Das ist beruhigend. Auch wenn man nicht so genau weiss, was sie will. Oder ob sie was will. Außer gute Werte. Und ein paar Landtagswahlen durchstehen, deren Verluste bereits einkalkuliert sind. Business as usual. War da was?
Guttenberg? Ach, der ist bald vergessen, da sind sich die Durchblicker einig. Sicher, die Kanzlerin sollte schon mal „nach dem Euro gucken“. Aber vor allem: „Regieren ganz normal.“
Alles easy, alles fein! Was ein bisschen stört, ist der zunehmende Haufen der Nichtwähler. Alles Prekariat. Nichtintegrierte. Weil die Lebensverhältnisse nicht angeglichen sind in unserem Land, sagt die Stimme der Wissenschaft.
E 10? Die astreine Klimapolitik der Regierung? Ist was für Stammtische.

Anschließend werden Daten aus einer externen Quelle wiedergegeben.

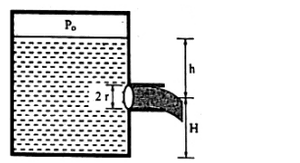 A closed water tank has a cross-sectional area $A$. It has a small hole at a depth of $h$ from the free surface of water. The radius of the hole is $r$, so that $r \ll \sqrt{\frac{A}{\pi}}$. If $P_0$ is the pressure inside the tank above the water level, and $P_{a}$ is the atmospheric pressure, the rate of flow of the water coming out of the hole is:
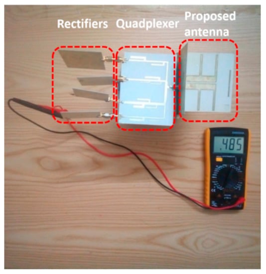 We proposed a quad-band rectenna working at 1.8 GHz, 2.1 GHz, 2.45 GHz, and 2.6 GHz, four common frequency of bands available in the environment, formed by the proposed wideband circularly polarized antenna, the quadplexer, and four single rectifiers. The quadplexer helps separate the four frequencies and transfer them to corresponding rectifiers. The rectifiers are single-banded, so they are easy to design and also likely to achieve good performance. The proposed quad-band rectenna is shown in Figure 12.
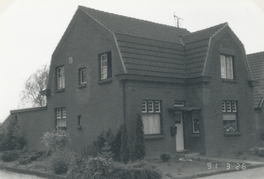 Vrijstaand woonhuis. Vensters met baksteen dorpelstenen. |
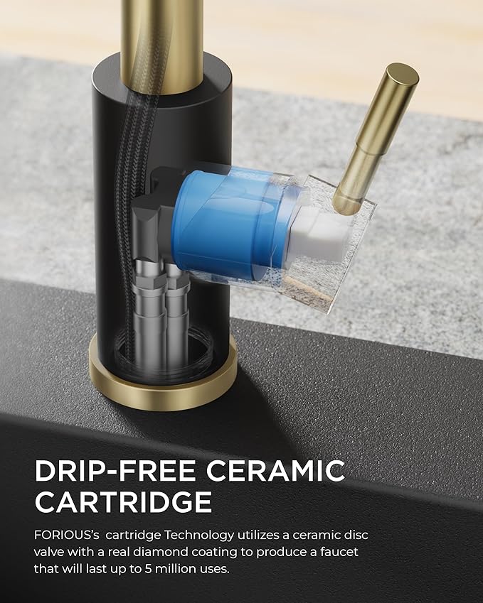 - Premium Quality: This faucet for kitchen sink is made from lead-free SUS 304 stainless steel and features a durable five-layer nanotechnology finish, while its ceramic cartridge—tested to over 5,00,000 cycles—guarantees leak-proof performance
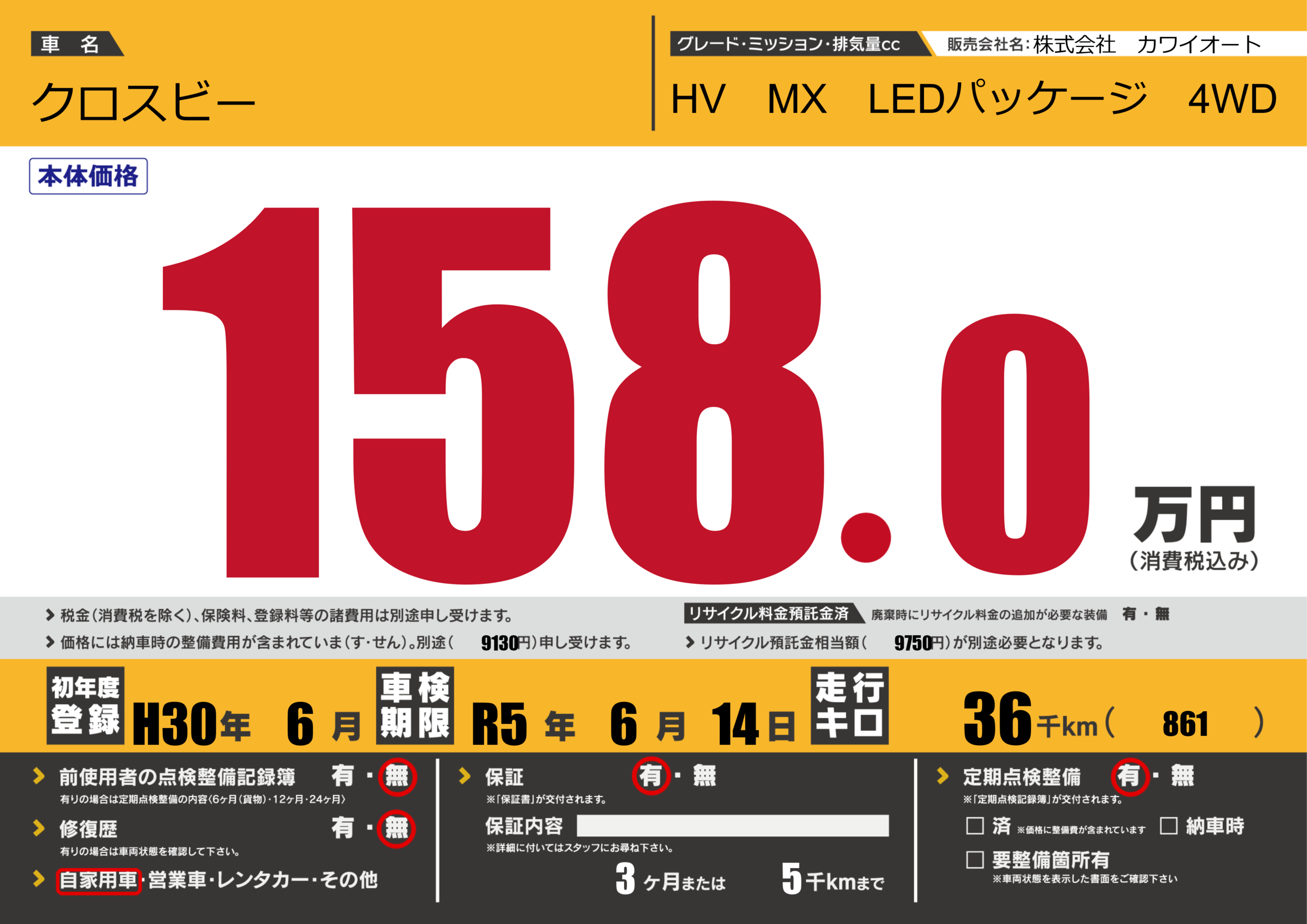 | 車名 | クロスビー | グレード ミッション 排気量 |

Der Euro und die EU? Kein Thema. Jedenfalls nicht an diesem Abend. Ist auch besser so, vielleicht. Der Bürger sollte nicht zuviel wissen. Vor allem nichts, was ihn aufregen könnte.
Wohl dem, der den Fernseher ausschalten kann. Und statt dessen liest - zum Beispiel heute „Die Welt“, Dorothea Siems.

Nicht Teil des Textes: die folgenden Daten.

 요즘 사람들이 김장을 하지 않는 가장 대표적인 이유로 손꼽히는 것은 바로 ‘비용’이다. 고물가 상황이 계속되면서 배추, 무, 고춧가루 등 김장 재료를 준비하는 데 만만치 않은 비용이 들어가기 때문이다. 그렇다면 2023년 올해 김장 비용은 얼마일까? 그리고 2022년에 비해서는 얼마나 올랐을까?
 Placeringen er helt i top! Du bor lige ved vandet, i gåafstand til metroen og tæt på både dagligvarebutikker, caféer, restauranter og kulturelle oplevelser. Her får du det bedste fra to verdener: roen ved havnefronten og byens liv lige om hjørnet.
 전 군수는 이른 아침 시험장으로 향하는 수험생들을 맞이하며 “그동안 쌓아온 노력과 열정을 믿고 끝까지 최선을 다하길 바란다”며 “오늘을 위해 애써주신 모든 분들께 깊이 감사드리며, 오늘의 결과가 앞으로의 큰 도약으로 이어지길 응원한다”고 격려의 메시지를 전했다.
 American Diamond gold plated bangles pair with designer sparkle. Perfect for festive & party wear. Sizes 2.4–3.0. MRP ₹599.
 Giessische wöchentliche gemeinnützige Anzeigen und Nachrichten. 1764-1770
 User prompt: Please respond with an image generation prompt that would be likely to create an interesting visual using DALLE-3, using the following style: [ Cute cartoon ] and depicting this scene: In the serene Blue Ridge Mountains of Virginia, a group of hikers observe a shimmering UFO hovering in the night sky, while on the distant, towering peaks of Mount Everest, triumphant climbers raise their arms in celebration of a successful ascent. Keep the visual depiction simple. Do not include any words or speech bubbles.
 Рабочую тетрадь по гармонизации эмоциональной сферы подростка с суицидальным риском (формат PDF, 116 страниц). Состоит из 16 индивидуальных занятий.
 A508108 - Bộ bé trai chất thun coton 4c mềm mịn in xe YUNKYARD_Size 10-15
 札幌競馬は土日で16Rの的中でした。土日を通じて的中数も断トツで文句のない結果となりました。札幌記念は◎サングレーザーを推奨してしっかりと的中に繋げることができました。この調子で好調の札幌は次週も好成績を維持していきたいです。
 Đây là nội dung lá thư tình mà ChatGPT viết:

„Bei Politikern gleich welcher Couleur“, schreibt sie, „herrscht ein tiefes Misstrauen gegenüber dem Bürger. Weil man dem eigenen Volk nicht zutraut, dass es sich mehrheitlich für eine fortschreitende europäische Integration entscheiden würde, fragt man es gar nicht erst nach seiner Meinung. Finanzminister Schäuble und die Kanzlerin erklären die Euro-Rettung gar zur Frage von Krieg und Frieden. Wer so redet, signalisiert, dass kein Preis zu hoch ist – und liefert sich, respektive den deutschen Steuerzahler, den immer neuen Forderungen der Partnerländer wehrlos aus. (...) In Brüssel empfindet man es sogar als störend, wenn sich die nationalen Parlamente allzu sehr ins Geschehen einmischen. Dass das Bundesverfassungsgericht ein Wörtchen mitreden soll, nervt manche Euro-Partner ebenfalls. Anders als vor einem Jahr, als die EU-Regierungschefs holterdiepolter die Griechenland-Hilfe auf den Weg brachten, die der Bundestag dann nur noch nur abnicken konnte, haben die Koalitionsfraktionen Merkel diesmal Leitlinien für die Verhandlungen mitgegeben. Im Kern fordern die Abgeordneten, dass es keine weiteren Schritte in Richtung Transferunion geben dürfe. Sie fürchten zu Recht den Volkszorn, der losbräche, wenn die Steuerzahler erkennen, dass die Bundesregierung nicht nur Bürgschaften in ihrem Namen abgegeben hat, sondern Daueraufträge.“
Bundestagspräsident Lammert ist bereits in Stellung gegangen. Er soll ein Schreiben an die Kanzlerin gerichtet haben, in dem er ihr vorwirft, „in der Europa-Politik die grundgesetzlichen Rechte des Parlaments“ zu missachten. Vielleicht hat er Rückgrat. Vielleicht hat er Respekt vor den Bürgern. Vielleicht hat er Angst vor dem kommenden Wahlmarathon. Vielleicht hat er mehr Durchblick als all die Hauptstadtberichterstatter, die sich vornehmlich „hinter den Türen des Kanzleramts“ wähnen, um Teilhaber der Staatsgeheimnisse zu sein, und die das dumme Volk da draußen im Grunde verachten. Vielleicht sollte man sich nicht länger darüber wundern, dass die Verachtung wechselseitig ist.